Another two hours passed. Those members of the party still on their feet stepped into wooden clogs lined up at the entrance to the hotel and headed off in their yukata into the silent neon-lit streets. Occasionally we passed another group of revelers, also in matching hotel-issue yukata, clattering past the darkened shops.
Finally we came to an open restaurant, a window of light along a dark alley. Squeezed around a small table, the men ordered noodles, rice balls, yakitori (chicken kebabs)—simple fare, very different from the elaborate cuisine on offer at the banquet earlier. Saké and beer were still flowing.
As the men belted out a chorus of “Let’s go to Yoshiwara,” the comedienne stood up, turned to face the wall, and gyrated rhythmically, rubbing her groin against it. Then she grabbed the young solicitor. He tried to resist, then gave in, laughing. She pulled him on top of her, thrashing her arms and legs in simulated ecstasy. “Aah,” she groaned, pushing him off and sitting up. “Now I’m going to have a baby. What shall I call it?”
“They’re really drunk, that’s why they’re making so much noise,” explained one man.
“They’re not that drunk,” muttered Yuko.
Mr. Yamada was singing at the top of his voice. “Be quiet,” scolded his wife, who was still with the group. “You have the loudest voice of all!”
At one o’clock the evening came to an abrupt end. Farewells were peremptory, the intimacy suddenly over. The men disappeared into the darkness, clattering along the road to their hotel.
“I need to deal with money,” said Yuko. She looked tired and a little sad. “Your hotel is that way, up the hill and around the corner. You can find it.”
And, having taken care of me so solicitously, she disappeared in the wake of the men, leaving me alone on the dark street. All through the evening she had laughed, bantered, and made sure that everyone was chatting, everyone was happy, and everyone had plenty to drink. Unlike the spoiled young girls who chose to become maiko in Kyoto, the geisha of Atami were working girls not so far removed from the young women from poor families who used to be sold in the bad old prewar days. They had to make a living. Their job was to be eternally bright and cheerful, no matter how they might really feel. Her smile was part of her job. It was for everyone, she had no favorites.
Was she, perhaps, in need of a little extra income, I wondered. But it seemed an ungenerous thought and I put it out of my mind.
Snow Country
The train came out of the long tunnel into the snow country. The earth lay white under the night sky. The train pulled up at a signal stop. A girl who had been sitting on the other side of the car came over and opened the window in front of Shimamura. The snowy cold poured in.
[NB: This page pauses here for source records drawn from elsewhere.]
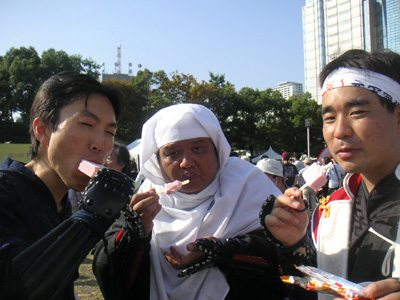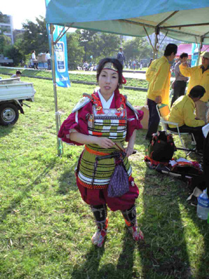 | イベントは二回だけの催しでしたが、予想以上に暑く、結構やばかったです^^;;うーん、冷えビタ用意しておけばよかった^^ 本ブースは早々と終了してしまったために、脱いだ甲冑を飾り、何のブースかわかんなくなってしまいました^^;; 最後は甲冑に興味を持たれた方とお話をし、のどかな一日を過ごすことが出来ました。 今回無事PRが出来ましたのは東・南署の皆様、防犯協会の皆様、そして熱演していただきました隊士の皆さんのお陰です^^また来年も機会がありましたらよろしくお願いいたしますm_m |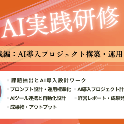 応用編で身につけたAIスキルを「実務導入」へ発展。実際の現場課題をテーマにAI導入プロジェクトを立案・実行・発表まで行う。経営層・リーダー・現場担当者が協働し、業務DX化の再現モデルを構築することを目的とする。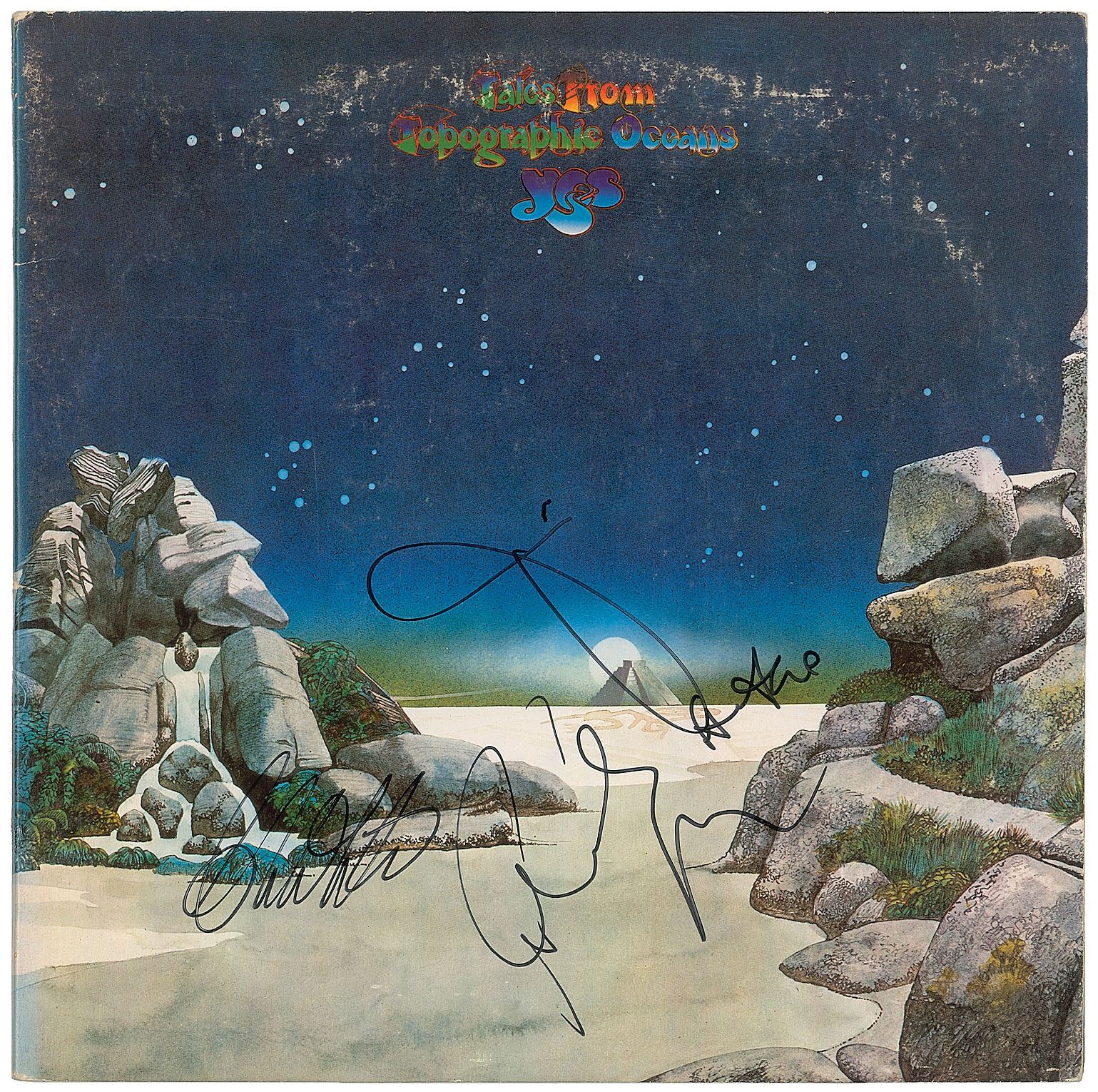 Tales from Topographic Oceans album signed on the front cover in black felt tip by Jon Anderson, Steve Howe, Chris Squire, and Alan White. In fine condition, with light scuffing. The record is included.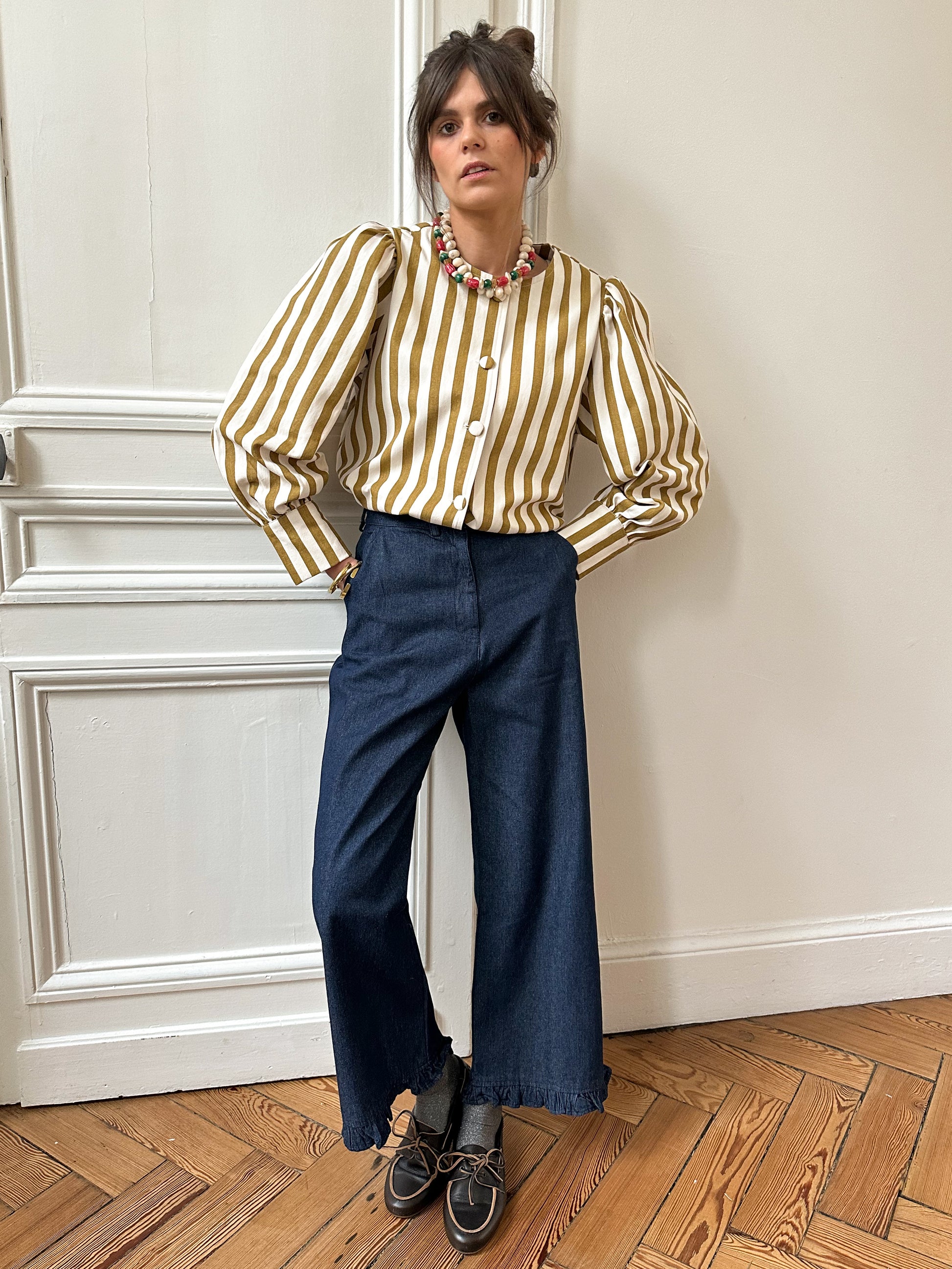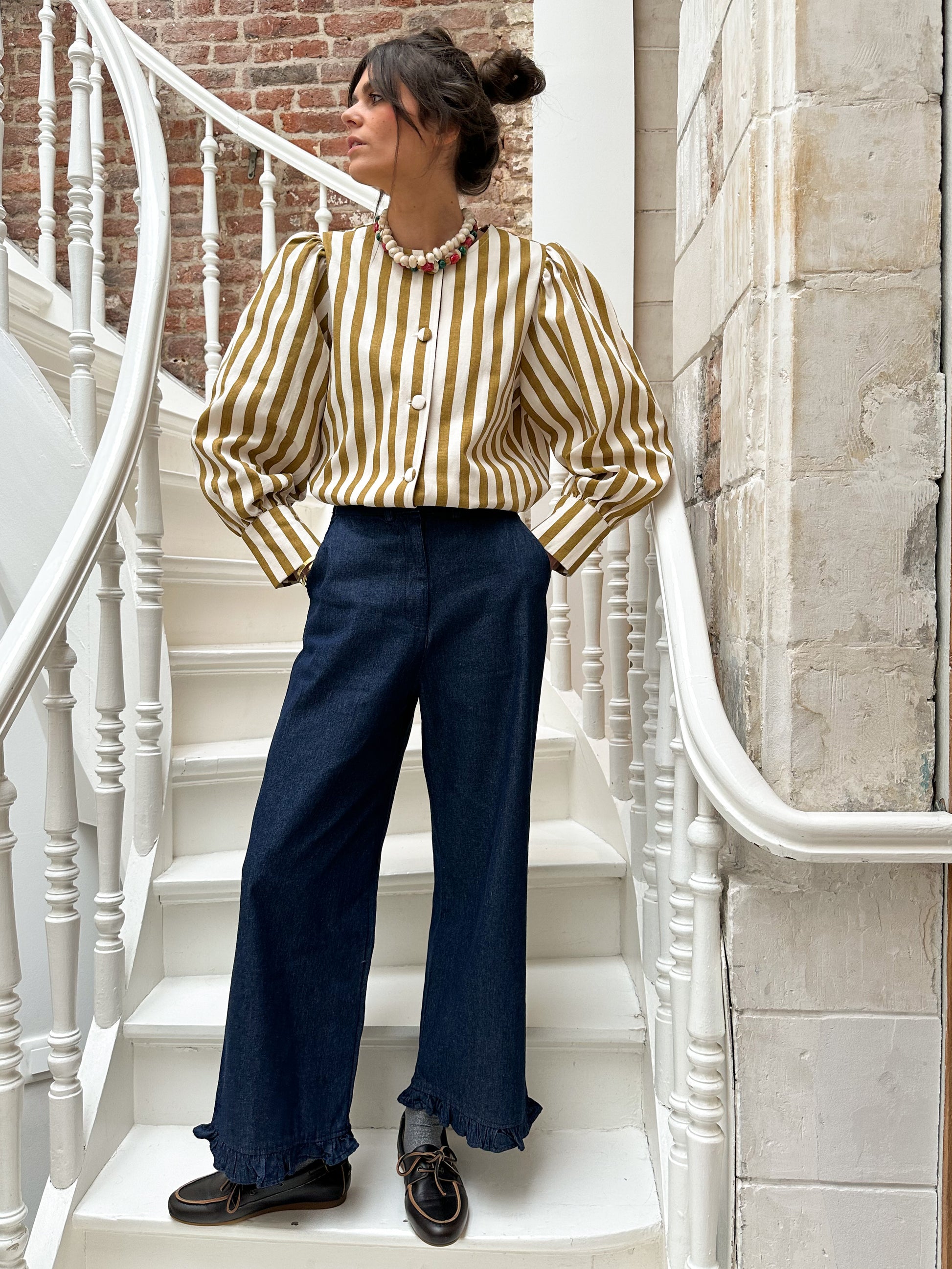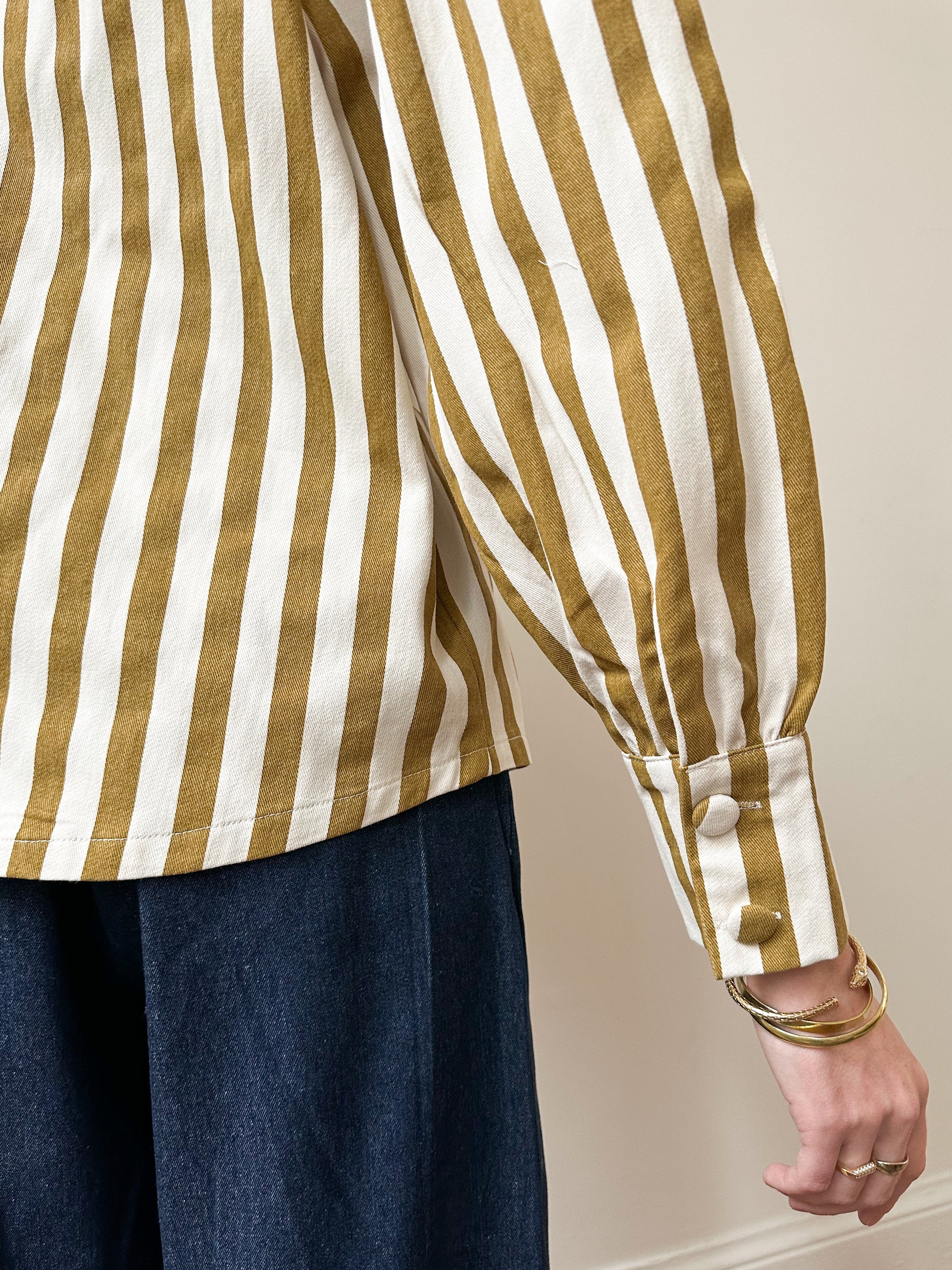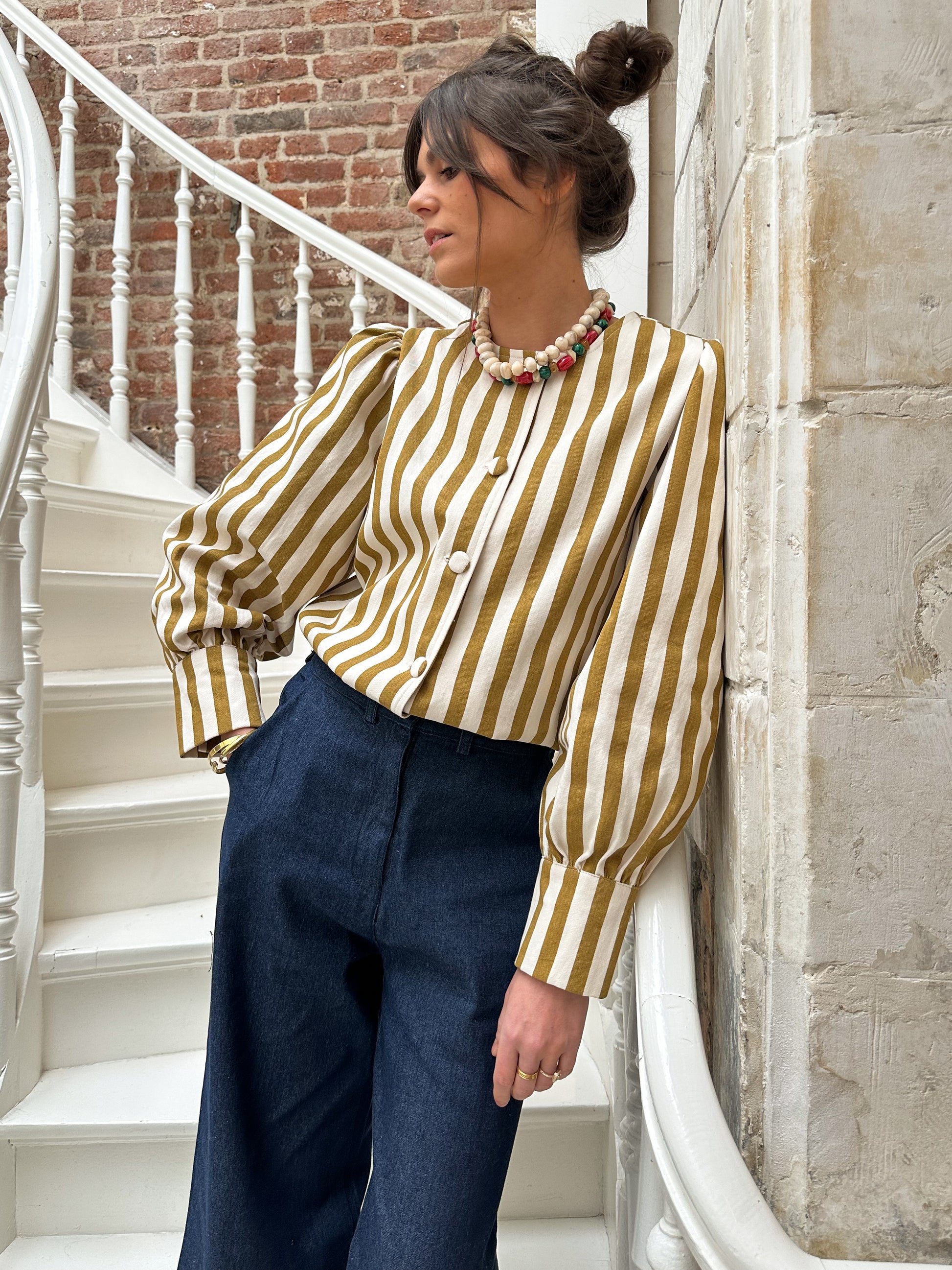 Affirmez votre style avec la veste AXEL, une pièce hybride à mi-chemin entre la blouse structurée et la veste légère. Elle se distingue par son motif à rayures verticales larges dans une teinte moutarde/ocre chaleureuse sur fond blanc cassé, offrant une silhouette à la fois moderne et intemporelle.

Yasunari Kawabata (1899–1972)
5
Not long before I left Japan I took the train through the mountains to the city of Kanazawa on the coast of the Japan Sea, a stretch of country immortalized by the Nobel Prize–winning author Yasunari Kawabata in his 1937 novel,
Snow Country.
The celebrated first sentences evoke a landscape buried deep in snow, white and magical.
When Kawabata was writing, men went on solitary excursions to the Snow Country to take the waters and enjoy the companionship of the beautiful white-skinned geisha. Many formed relationships there. But for the geisha who foolishly allowed themselves to fall in love, it was a lonely existence. They would be left pining for months, waiting for the day when their lover stepped unannounced off a train from Tokyo to spend a few precious hours with them—a poignant image which the words “snow country” also evoke. Kawabata’s novel is about one such wealthy dilettante and the geisha who loves him.